На улице никого. Только у дома Васьки Орехова развалилась свинья, выставила на солнце розовые соски на широком брюхе...

Ежели снять этот крест да в карман... Бросить нельзя. После школы бабка уж обязательно заглянет под рубаху. Если не окажется креста, взбучку даст, хоть из дому беги. В карман?.. А карманы неглубокие, легко может выпасть, а то и сам ненароком вытащишь вместе с ножиком или резинкой.

Лучше всего в щель куда припрятать, а на обратном пути надеть, честь честью явиться перед бабкой.

Родька остановился, торопливо принялся расстегивать ворот под галстуком. Но из дома Ореховых вышел Васька, Родькин дружок. Под бумажным затертым пиджаком у него новая рубаха, яркая, канареечного цвета, с другой не спутаешь. Даже галстук, много раз стиранный, вылинявший, бледней ее.

Васька окликнул:

– Эй, Родька! Сколько времени сейчас? У нас ходики третий день стоят. В школу-то еще не опоздали?

Подошел, поздоровался за руку.

– Ты какую-то икону нашел? Старухи за это тебе кланяться будут. Право слово, мать говорила.

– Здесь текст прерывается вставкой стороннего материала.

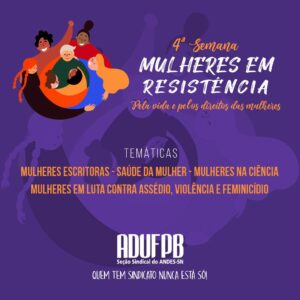 Ainda na sexta-feira, a ADUFPB divulgará a programação da próxima semana, quando o evento se encerra. Junte-se às Mulheres em Resistência! Participe do ato, visite a tenda da ADUFPB no Festival Político Cultural Pela Vida das Mulheres, dê quórum às discussões e engaje-se nas demais atividades da IV Semana Mulheres em Resistência da ADUFPB!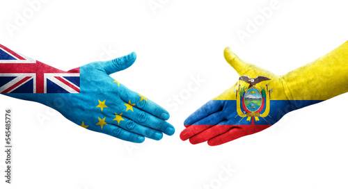 Handshake between Tuvalu and Ecuador flags painted on hands, isolated transparent image.

Родька, отвернувшись, ловя под галстуком непослушные пуговицы, пряча покрасневшее от стыда лицо, зло ответил:

– Ты слушай больше бабью брехню.

– Так ты не нашел икону? Врут, значит.

– Подумаешь, какая-то доска... Да что ты ко мне пристал? Вот дам в нос!..

– Но-но, ты не шибко! – Но на всякий случай Васька отодвинулся подальше.

Спорить с Родькой он боялся. Где уж, когда даже девчонки дают сдачи. Васька низкоросл, узкогруд, маленькие уши с постоянным напряжением торчат на стриженой голове; его подвижное лицо по сравнению с ярко-желтой рубахой кажется сейчас бледным до зелени. Зато он пронырлив, все всегда узнает первым. Весь в свою мать, недаром же ту прозвали по Гумнищам Клавкой Сорокой.

Обиженно сопя, Васька зашагал рядом, до самой школы не обронил ни слова.

8

О кресте Родька скоро забыл. На переменках устраивал «кучу малу», лазал на березу «щупать» галочьи яйца...

Но вот кончился последний урок, по школьному пустырю неспокойными стайками разлетелись ребята в разные стороны. Родька снова вспомнил о кресте. Вспомнил, что надо идти домой, что бабка, прежде чем дать поесть, потребует: «Перекрести лоб». Васька Орехов, которому было по дороге, стал вдруг неприятен Родьке: «Опять начнет расспрашивать об иконе, пропади она пропадом, ему бы найти такое счастье...»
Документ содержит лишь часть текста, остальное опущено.